Li Wei (2018) describes this situation as ‘post-multilingualism’. He argues,

We are therefore entering a post-multilingualism era where simply having many different languages is no longer sufficient either for the individual or for society as a whole, but where multiple ownerships and more complex interweaving of languages and language varieties, and where boundaries between languages, between languages and other communicative means and the relationship between language and the nation-state are being constantly reassessed, broken or adjusted. (2018: 22)

In contemporary superdiverse urban centres to ask (in censuses or to children at school) what languages people speak could ignore this complex and sophisticated range of communicative practices that exists in much modern multilingualism (see also, Gaiser & Matras, this volume). Only counting discrete, bounded languages in investigating a city’s linguistic repertoire ignores the much greater richness and versatility of its speakers, but also sets up limitations of the information accessed and therefore of the potential support on the part of authorities such as local and national governments.

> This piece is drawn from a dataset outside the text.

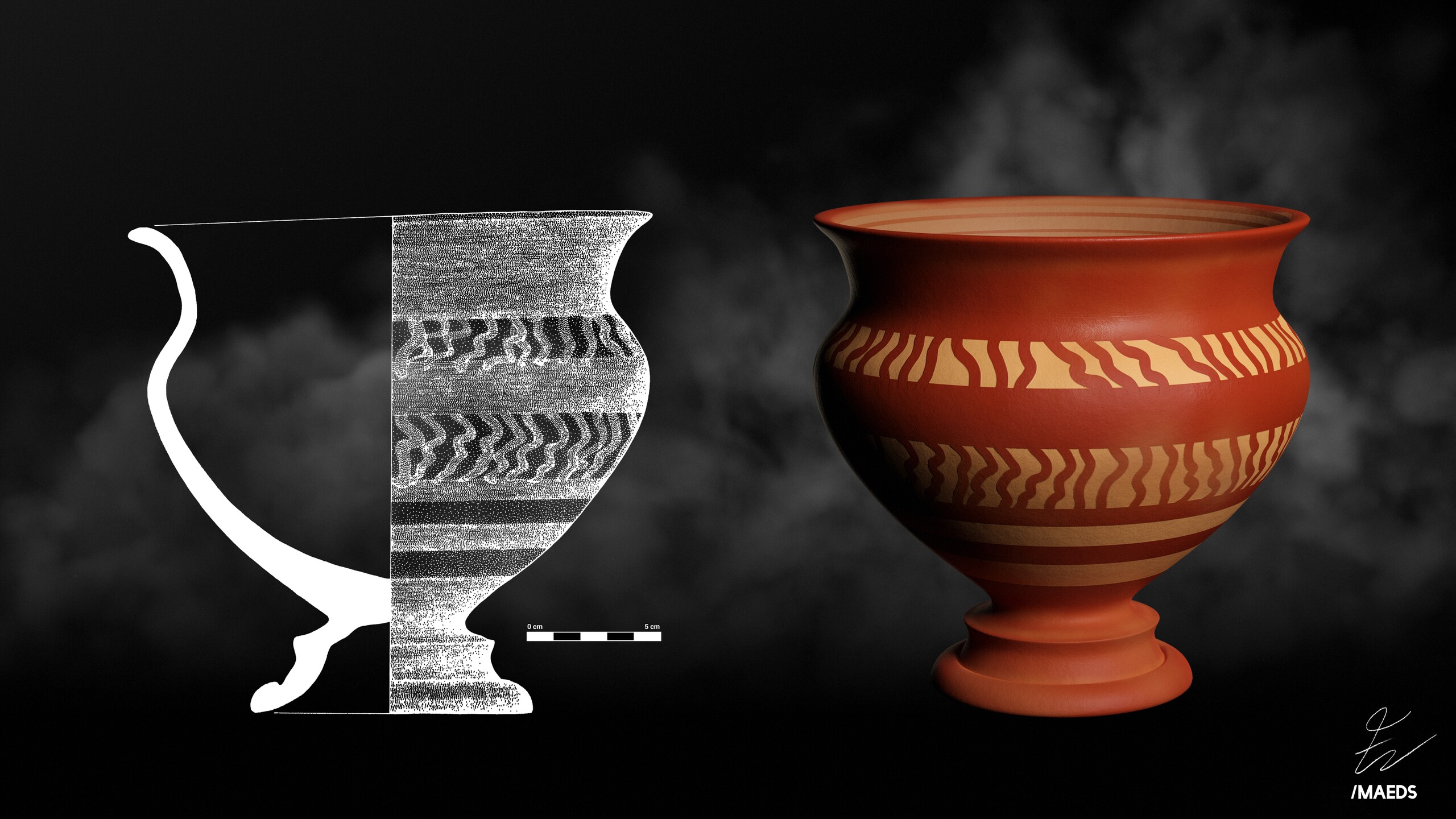 Vaso caliciforme de cerâmica, decorado com pintura de bandas e traços verticais ondulados de coloração vermelha (séc. III-II a.C.) recuperado no depósito votivo de Garvão (Ourique). Possui cerca de 20cm de diâmetro de bordo e uma altura de aproximadamente 18,5cm.

Language Ideologies and Language Policy

Throughout this chapter I am referring to ‘language ideologies’ in the sense first defined by Silverstein (1979: 193) as ‘sets of beliefs about language articulated by users as a rationalization or justification of perceived language structure and use’. Or, with a more socially oriented focus Irvine (2012) writes,

Language ideologies are conceptualizations about languages, speakers, and discursive practices. Like other kinds of ideologies, language ideologies are pervaded with political and moral interests and are shaped in a cultural setting. To study language ideologies, then, is to explore the nexus of language, culture, and politics. It is to examine how people construe language’s role in a social and cultural world, and how their construals are socially positioned.

Earlier, in the example of Southampton, I have made the link as to how language ideologies, consciously or unconsciously, influence policies that affect language services and attitudes. I have also referred to the lack of an explicit language policy nationally in the United Kingdom, unlike in many other states where language policy is enshrined in national constitutions. The literature on language policy (LPP) is enormous and growing (for a good, if somewhat dated, overview, see, Ricento, 2006), since the early days of rather mechanical notions of Language Planning in postcolonial situations (for example, Haugen, 1959; Rubin & Jernudd, 1977). Recent interesting discussions around concepts of language policy include Shohamy (2006) who emphasises that such policies are implicit as well as explicit and are carried out at informal individual as well as formal societal levels. Barakos and Unger (2016) understand language policy as a discursive space in which valuable resources are at stake, and argue that language policy is an ‘interdisciplinary field of inquiry that offers a variety of theoretical frameworks, methodologies, analytic approaches, and empirical findings’ (2016: 1–2). Their edited volume promotes ‘critical’ language policy (see Johnson, 2017), and emphasises new methods of LPP research, particularly those employing varieties of (critical) discourse analysis (see Escandón, this volume). As one of the contributors to the Barakos and Unger volume, David Cassels Johnson, writes

… both micro and macro discourses, and both structure and agency can emerge in a single discursive event and shape a single policy document. Policy texts, discourses and practices are heterogenerous, and ideologies are multiply layered, and all can change from context to context over time. … [D]iscourse analysis techniques empirically uncover how LPP processes can lead to both social change and hegemony. (Johnson, 2016: 18)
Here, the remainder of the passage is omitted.